Why? It's not an error to convert from *BigType to *SmallType. If you remove m sync.Mutex, then unsafe.Sizeof(onceSpy{}) <= unsafe.Sizeof(sync.Once{}), right?

Ah right 👍

[bcmills]

Hmm, but should the race detector emit an error when a 32-bit atomic op occurs concurrently with a 64-bit atomic op?

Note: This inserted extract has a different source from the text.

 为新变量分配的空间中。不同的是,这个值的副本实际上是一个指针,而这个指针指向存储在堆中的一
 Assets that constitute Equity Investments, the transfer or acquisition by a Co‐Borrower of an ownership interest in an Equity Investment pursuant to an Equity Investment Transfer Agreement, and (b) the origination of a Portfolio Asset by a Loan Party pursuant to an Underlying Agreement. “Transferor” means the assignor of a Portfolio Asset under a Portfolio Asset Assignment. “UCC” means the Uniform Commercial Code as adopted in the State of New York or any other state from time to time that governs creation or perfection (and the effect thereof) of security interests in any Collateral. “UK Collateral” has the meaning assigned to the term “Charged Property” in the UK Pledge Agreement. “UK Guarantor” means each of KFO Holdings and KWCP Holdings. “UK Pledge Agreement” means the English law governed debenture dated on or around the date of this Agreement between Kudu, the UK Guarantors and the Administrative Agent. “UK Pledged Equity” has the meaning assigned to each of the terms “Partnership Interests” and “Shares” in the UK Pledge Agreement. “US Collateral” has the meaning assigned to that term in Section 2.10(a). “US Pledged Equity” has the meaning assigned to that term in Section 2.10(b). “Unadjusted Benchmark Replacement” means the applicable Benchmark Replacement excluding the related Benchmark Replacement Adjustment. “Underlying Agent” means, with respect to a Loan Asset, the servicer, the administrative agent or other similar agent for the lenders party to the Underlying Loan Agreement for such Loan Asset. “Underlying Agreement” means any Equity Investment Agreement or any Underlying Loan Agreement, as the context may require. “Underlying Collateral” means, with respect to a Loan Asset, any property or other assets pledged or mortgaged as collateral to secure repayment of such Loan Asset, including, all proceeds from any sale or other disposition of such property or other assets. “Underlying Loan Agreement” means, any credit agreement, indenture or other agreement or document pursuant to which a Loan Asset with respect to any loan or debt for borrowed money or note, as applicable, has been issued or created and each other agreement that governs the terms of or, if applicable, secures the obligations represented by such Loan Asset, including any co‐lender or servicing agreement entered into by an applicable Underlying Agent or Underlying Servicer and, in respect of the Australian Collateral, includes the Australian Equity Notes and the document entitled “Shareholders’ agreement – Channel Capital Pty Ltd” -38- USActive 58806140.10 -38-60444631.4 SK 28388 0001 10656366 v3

My recollection is that on some 32-bit architectures, the 32-bit atomic ops use an entirely separate code path from the 64-bit ones, so I can't imagine that the memory model allows it.

[bcmills]

(Oh, right: the memory model doesn't define atomic at all: that's #5045.)

[bcmills]

Filed that separately as #38881.

[cuonglm]

@mdempsky

I'd guess it has something to do with either scheduling of the concurrent GC, or with placement of o in the heap.

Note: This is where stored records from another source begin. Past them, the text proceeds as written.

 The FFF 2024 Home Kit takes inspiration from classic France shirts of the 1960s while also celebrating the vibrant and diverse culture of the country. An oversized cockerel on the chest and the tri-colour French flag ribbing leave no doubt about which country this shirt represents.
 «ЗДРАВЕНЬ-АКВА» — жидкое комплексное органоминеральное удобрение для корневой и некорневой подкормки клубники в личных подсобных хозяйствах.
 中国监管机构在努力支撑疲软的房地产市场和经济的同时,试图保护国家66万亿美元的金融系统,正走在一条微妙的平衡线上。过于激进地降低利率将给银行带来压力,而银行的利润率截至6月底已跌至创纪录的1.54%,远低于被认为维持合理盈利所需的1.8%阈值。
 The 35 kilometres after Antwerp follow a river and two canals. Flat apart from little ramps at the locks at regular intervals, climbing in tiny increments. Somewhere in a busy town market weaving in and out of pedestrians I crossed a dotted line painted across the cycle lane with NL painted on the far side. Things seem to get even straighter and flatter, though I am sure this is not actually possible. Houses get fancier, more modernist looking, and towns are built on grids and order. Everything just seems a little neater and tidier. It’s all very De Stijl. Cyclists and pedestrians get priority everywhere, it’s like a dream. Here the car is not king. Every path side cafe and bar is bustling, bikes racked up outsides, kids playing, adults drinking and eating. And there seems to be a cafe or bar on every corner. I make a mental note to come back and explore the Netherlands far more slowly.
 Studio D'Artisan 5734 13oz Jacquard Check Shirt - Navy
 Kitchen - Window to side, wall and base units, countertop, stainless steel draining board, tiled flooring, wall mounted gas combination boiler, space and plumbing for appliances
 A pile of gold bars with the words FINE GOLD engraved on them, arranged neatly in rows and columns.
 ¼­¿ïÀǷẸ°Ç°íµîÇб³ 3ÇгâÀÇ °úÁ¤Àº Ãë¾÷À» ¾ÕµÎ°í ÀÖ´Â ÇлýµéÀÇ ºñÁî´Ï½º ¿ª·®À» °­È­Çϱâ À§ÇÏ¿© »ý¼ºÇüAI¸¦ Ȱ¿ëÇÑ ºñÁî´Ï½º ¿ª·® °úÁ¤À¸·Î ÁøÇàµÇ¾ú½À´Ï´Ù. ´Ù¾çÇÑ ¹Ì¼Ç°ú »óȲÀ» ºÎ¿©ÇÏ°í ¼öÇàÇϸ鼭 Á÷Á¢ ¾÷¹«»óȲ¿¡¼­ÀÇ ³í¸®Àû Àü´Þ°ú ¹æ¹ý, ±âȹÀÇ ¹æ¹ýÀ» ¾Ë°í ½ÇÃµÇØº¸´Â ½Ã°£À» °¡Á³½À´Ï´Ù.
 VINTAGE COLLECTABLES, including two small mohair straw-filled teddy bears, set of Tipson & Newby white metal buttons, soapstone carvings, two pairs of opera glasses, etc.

Seems concurrent GC problem, because if I set GOGC=off, then checkptr reports it consistently.

[mdempsky]

Hmm, but should the race detector emit an error when a 32-bit atomic op occurs concurrently with a 64-bit atomic op?

This is worth discussing in #38881, but I think it's a red herring here. The 32-bit and 64-bit atomic ops that modify o are all happening on the same goroutine anyway, so there's no race.

Seems concurrent GC problem, because if I set GOGC=off, then checkptr reports it consistently.

Interesting. I wonder if there's a race condition in the calls to findObject in checkptrAlignment. Maybe it's not actually safe to call checkptrBase(add(p, size-1))?

[mdempsky]

Hm, I'm not able to reproduce this on linux/amd64. I don't get any checkptr reports, even with GOGC=off.

[cuonglm]

Hm, I'm not able to reproduce this on linux/amd64. I don't get any checkptr reports, even with GOGC=off.

Confirm that this does not happen on linux/amd64, but does on darwin/amd64, sounds like a false negative on linux/amd64?

[mdempsky]

Yeah, not reporting on linux/amd64 is a false negative. (With the usual caveats that checkptr is best-effort, so some false negatives will be inevitable; though I can't immediately see why the behavior here would be OS-specific.)